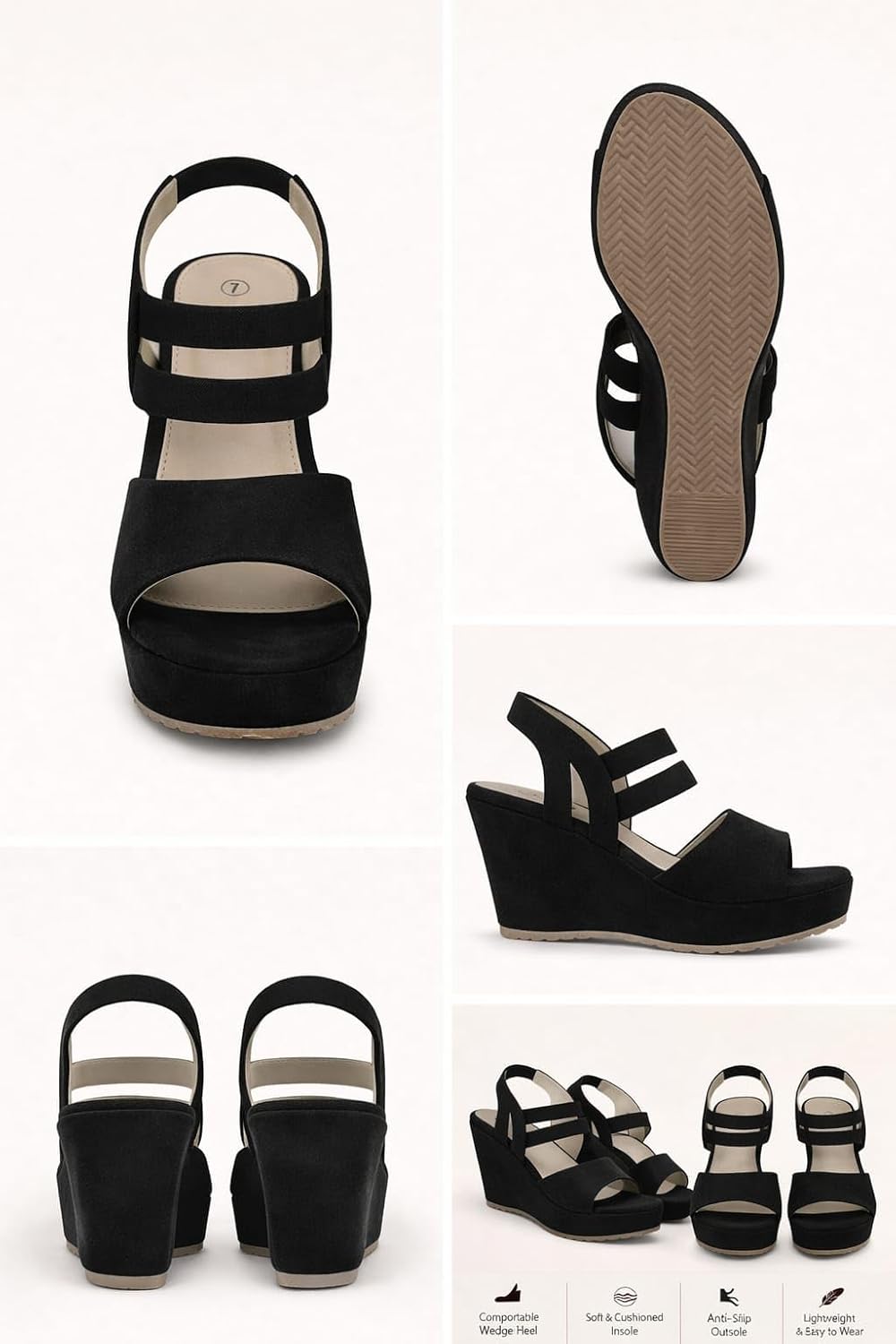 Be the first to review “Women’s Wedge Sandals | Elastic Strap, Open Toe, Low Heel | Elegant Comfortable Heels for Party, Office & Casual Wear | Fashion Footwear for Girls & Women,”
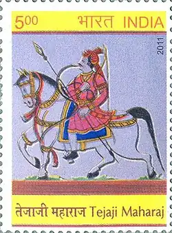 Veer Tejaji (29 January 1074 - 28 August 1103)[1] also known as Tejaji Maharaj, or simply Tejaji, was a great warrior, social reformer, cow protector and folk-deity in Rajasthan. In rural parts of northern Rajasthan, he is revered as a deity and is considered to be one of Lord Shiva's eleven primary incarnations.[2][3] He is mainly worshipped in the states of Rajasthan, Madhya Pradesh, Haryana, Uttar Pradesh, and Gujarat.[4] He is commonly known as the God of Snakes in Rajasthan, because it protect against snake bites or also worshipped as Dhauliya Veer.[5][6]
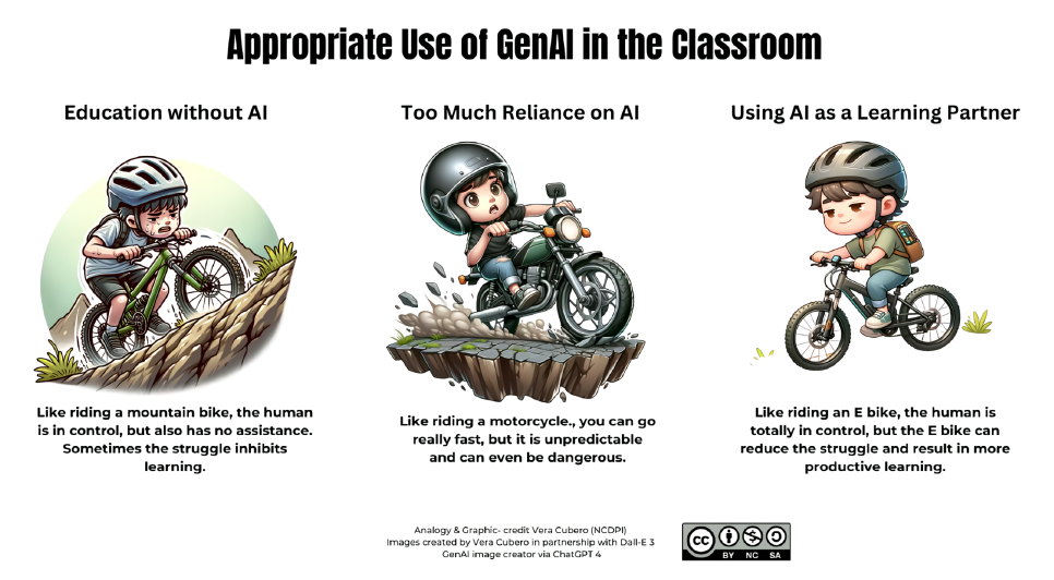 아래의 그림은 미국 노스캐롤라이나주 공공교육부서의 지침에서 지향하는 생성형 인공지능의 적용 방향을 보여준다. 이들은 생성형 인공지능을 교육의 동반자(partner)로 표현하며 자전거에 비유하는데, 먼저 생성형 인공지능을 완전히 배제한 교육은 일부 학생들에게 어떠한 지원도 없이 산악 자전거를 타는 것 같은 어려움을 초래할 수 있다. 반면, 생성형 인공지능에 지나치게 의존하는 교육은 오토바이와 같아서, 굉장히 빠르게 나아갈 수 있으나 방향을 예측하기 어렵고 때로는 위험할 수 도 있다. 마지막으로 학습의 동반자로서 생성형 인공지능의 사용은 전기자전거에 비유된다. 인간은 모든 것을 통제할 수 있으나 기술의 도움으로 수고로움을 덜고, 이전보다 더 생산적인 학습 과정을 경험할 수 있다.
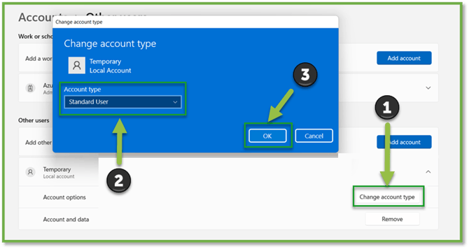 - Once created, navigate back to Accounts | Other Accounts and select the Temporary account you just created. Click “Change account type” and change it form a standard user to administrator user.

TASK OBJECTIVE =>
Exclude the images, then output the data above word for word.

YOUR SOLUTION =>
 Be the first to review “Women’s Wedge Sandals | Elastic Strap, Open Toe, Low Heel | Elegant Comfortable Heels for Party, Office & Casual Wear | Fashion Footwear for Girls & Women,”
 Veer Tejaji (29 January 1074 - 28 August 1103)[1] also known as Tejaji Maharaj, or simply Tejaji, was a great warrior, social reformer, cow protector and folk-deity in Rajasthan. In rural parts of northern Rajasthan, he is revered as a deity and is considered to be one of Lord Shiva's eleven primary incarnations.[2][3] He is mainly worshipped in the states of Rajasthan, Madhya Pradesh, Haryana, Uttar Pradesh, and Gujarat.[4] He is commonly known as the God of Snakes in Rajasthan, because it protect against snake bites or also worshipped as Dhauliya Veer.[5][6]
 아래의 그림은 미국 노스캐롤라이나주 공공교육부서의 지침에서 지향하는 생성형 인공지능의 적용 방향을 보여준다. 이들은 생성형 인공지능을 교육의 동반자(partner)로 표현하며 자전거에 비유하는데, 먼저 생성형 인공지능을 완전히 배제한 교육은 일부 학생들에게 어떠한 지원도 없이 산악 자전거를 타는 것 같은 어려움을 초래할 수 있다. 반면, 생성형 인공지능에 지나치게 의존하는 교육은 오토바이와 같아서, 굉장히 빠르게 나아갈 수 있으나 방향을 예측하기 어렵고 때로는 위험할 수 도 있다. 마지막으로 학습의 동반자로서 생성형 인공지능의 사용은 전기자전거에 비유된다. 인간은 모든 것을 통제할 수 있으나 기술의 도움으로 수고로움을 덜고, 이전보다 더 생산적인 학습 과정을 경험할 수 있다.
 - Once created, navigate back to Accounts | Other Accounts and select the Temporary account you just created. Click “Change account type” and change it form a standard user to administrator user.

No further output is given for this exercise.